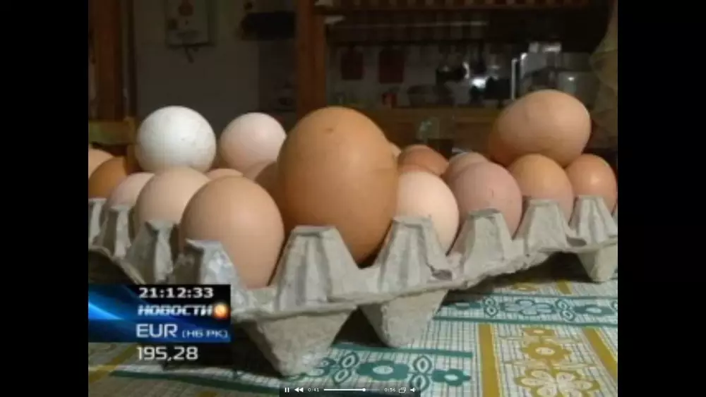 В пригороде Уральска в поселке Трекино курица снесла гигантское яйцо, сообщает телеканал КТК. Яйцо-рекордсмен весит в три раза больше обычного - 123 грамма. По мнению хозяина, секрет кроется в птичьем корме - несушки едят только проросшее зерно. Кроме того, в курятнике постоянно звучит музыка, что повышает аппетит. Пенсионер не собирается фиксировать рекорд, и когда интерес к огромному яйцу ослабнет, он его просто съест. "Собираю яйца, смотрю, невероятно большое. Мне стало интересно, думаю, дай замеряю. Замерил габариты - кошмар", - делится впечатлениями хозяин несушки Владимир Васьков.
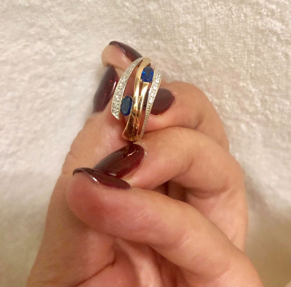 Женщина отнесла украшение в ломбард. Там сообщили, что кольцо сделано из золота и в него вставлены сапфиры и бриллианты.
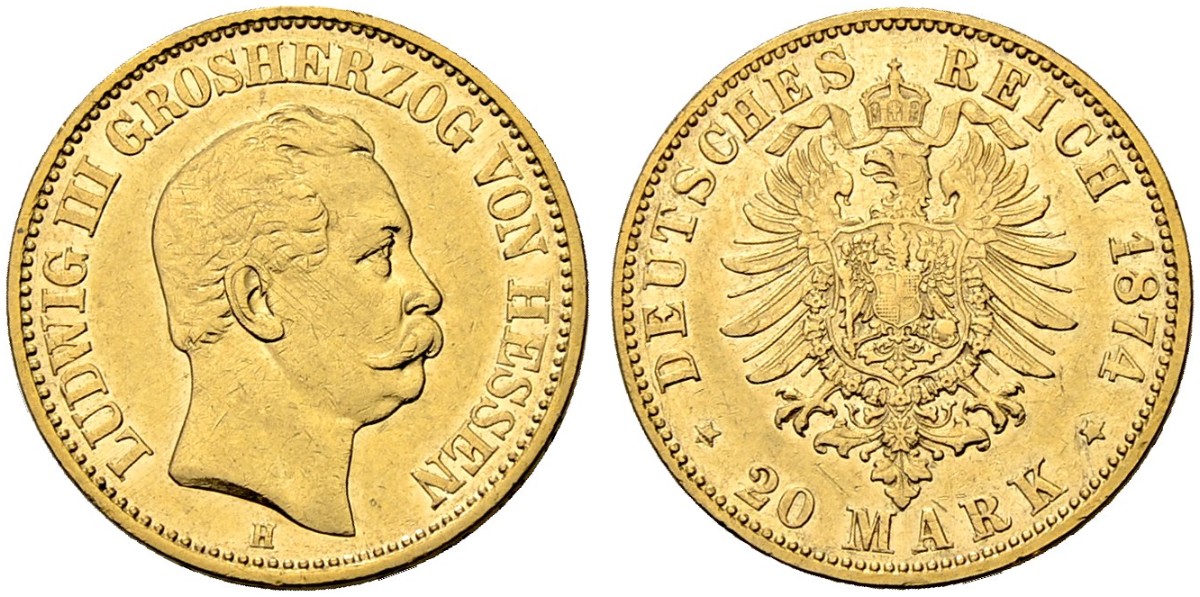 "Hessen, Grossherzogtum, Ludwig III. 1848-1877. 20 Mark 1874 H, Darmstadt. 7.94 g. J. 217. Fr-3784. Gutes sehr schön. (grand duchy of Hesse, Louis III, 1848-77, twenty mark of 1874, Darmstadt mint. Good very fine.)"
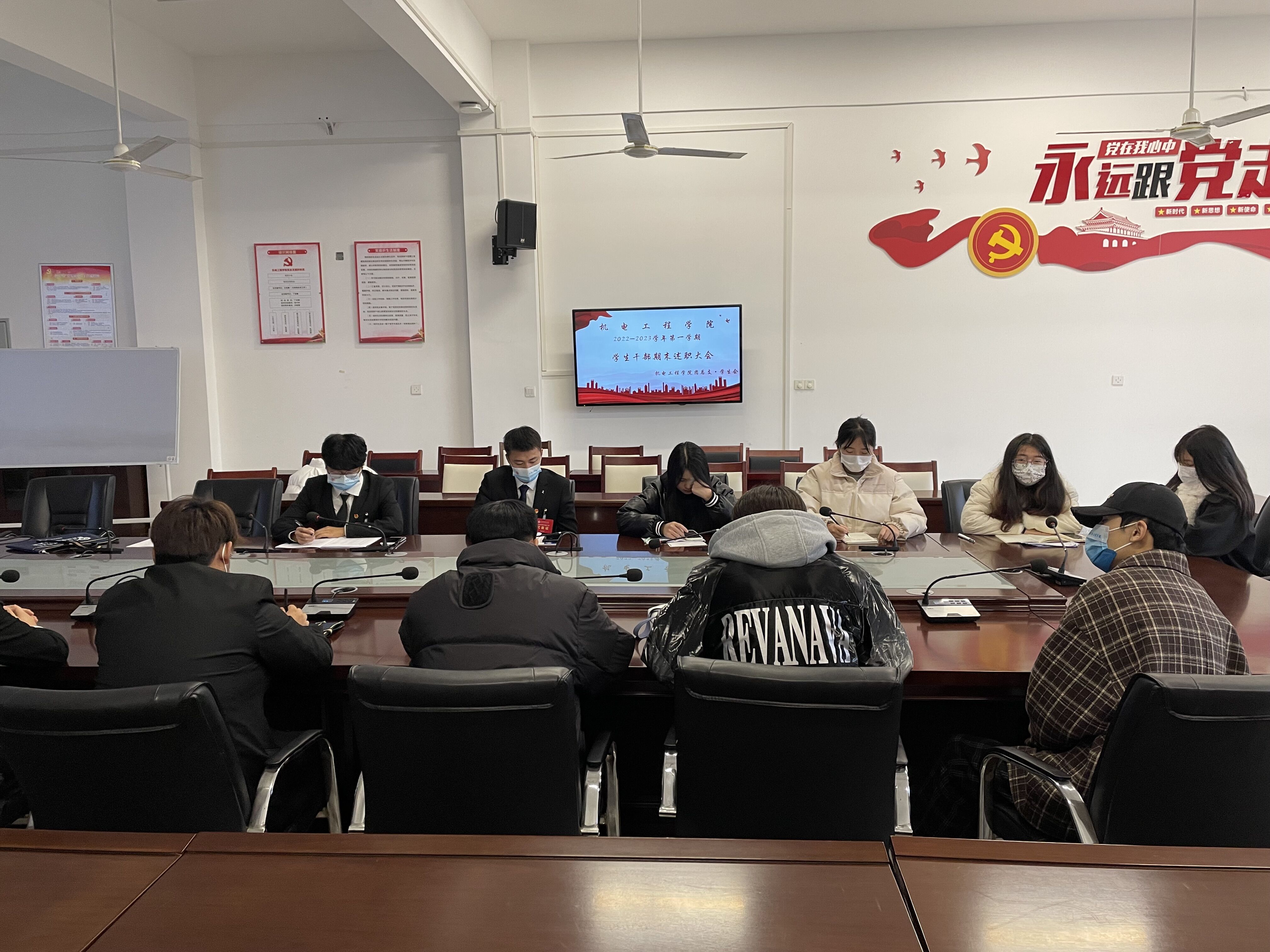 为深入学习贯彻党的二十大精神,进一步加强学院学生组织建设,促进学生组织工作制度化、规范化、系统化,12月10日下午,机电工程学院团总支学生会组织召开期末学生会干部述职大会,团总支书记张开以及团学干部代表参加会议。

* * *

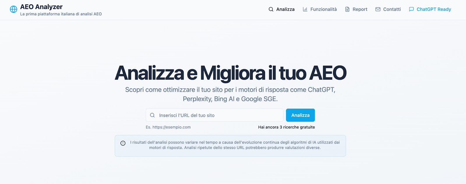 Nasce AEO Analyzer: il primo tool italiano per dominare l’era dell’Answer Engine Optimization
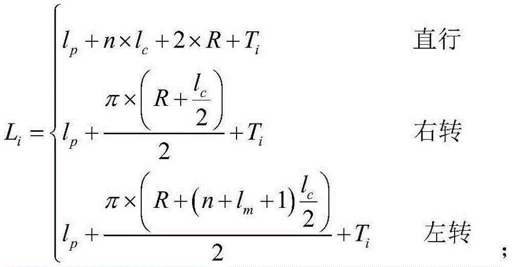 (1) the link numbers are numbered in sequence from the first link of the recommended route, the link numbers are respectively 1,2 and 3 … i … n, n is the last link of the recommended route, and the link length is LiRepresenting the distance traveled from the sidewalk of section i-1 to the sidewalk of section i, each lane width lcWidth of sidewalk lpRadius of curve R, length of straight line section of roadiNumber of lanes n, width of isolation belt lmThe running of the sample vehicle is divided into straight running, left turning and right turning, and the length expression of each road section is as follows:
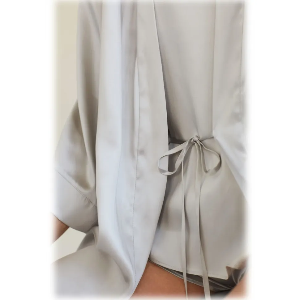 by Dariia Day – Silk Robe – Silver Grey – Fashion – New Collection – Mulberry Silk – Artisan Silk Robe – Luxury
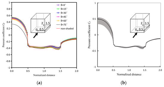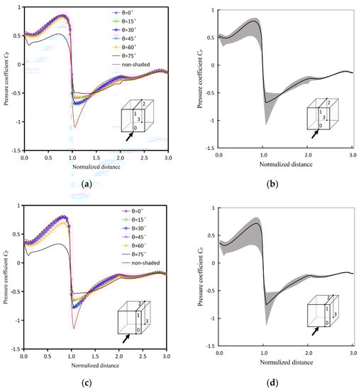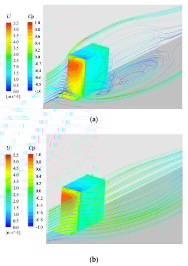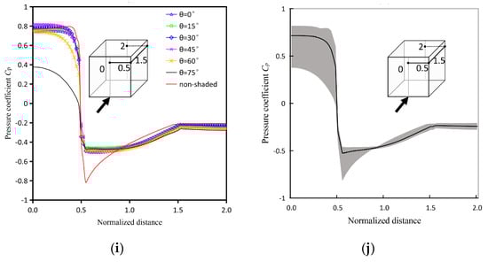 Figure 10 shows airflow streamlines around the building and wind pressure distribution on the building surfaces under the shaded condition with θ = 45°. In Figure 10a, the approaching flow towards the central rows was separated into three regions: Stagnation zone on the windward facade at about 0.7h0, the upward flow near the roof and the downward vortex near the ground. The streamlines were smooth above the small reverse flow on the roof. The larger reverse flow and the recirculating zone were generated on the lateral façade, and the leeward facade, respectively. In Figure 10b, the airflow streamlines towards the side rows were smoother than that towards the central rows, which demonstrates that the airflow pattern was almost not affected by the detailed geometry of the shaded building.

* * *

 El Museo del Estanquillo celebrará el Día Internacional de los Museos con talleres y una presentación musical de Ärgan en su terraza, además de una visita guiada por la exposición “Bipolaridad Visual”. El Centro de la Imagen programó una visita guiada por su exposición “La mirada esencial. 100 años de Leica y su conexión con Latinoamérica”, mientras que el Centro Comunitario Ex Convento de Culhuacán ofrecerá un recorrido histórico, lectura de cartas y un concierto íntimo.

* * *

**Task directions**: Pictures aside, return exactly the lines from the data above, starting at the line that has "В пригороде Уральска" and ending at the line that has "Женщина отнесла украшение", both included.

**Worked solution**:
 В пригороде Уральска в поселке Трекино курица снесла гигантское яйцо, сообщает телеканал КТК. Яйцо-рекордсмен весит в три раза больше обычного - 123 грамма. По мнению хозяина, секрет кроется в птичьем корме - несушки едят только проросшее зерно. Кроме того, в курятнике постоянно звучит музыка, что повышает аппетит. Пенсионер не собирается фиксировать рекорд, и когда интерес к огромному яйцу ослабнет, он его просто съест. "Собираю яйца, смотрю, невероятно большое. Мне стало интересно, думаю, дай замеряю. Замерил габариты - кошмар", - делится впечатлениями хозяин несушки Владимир Васьков.
 Женщина отнесла украшение в ломбард. Там сообщили, что кольцо сделано из золота и в него вставлены сапфиры и бриллианты.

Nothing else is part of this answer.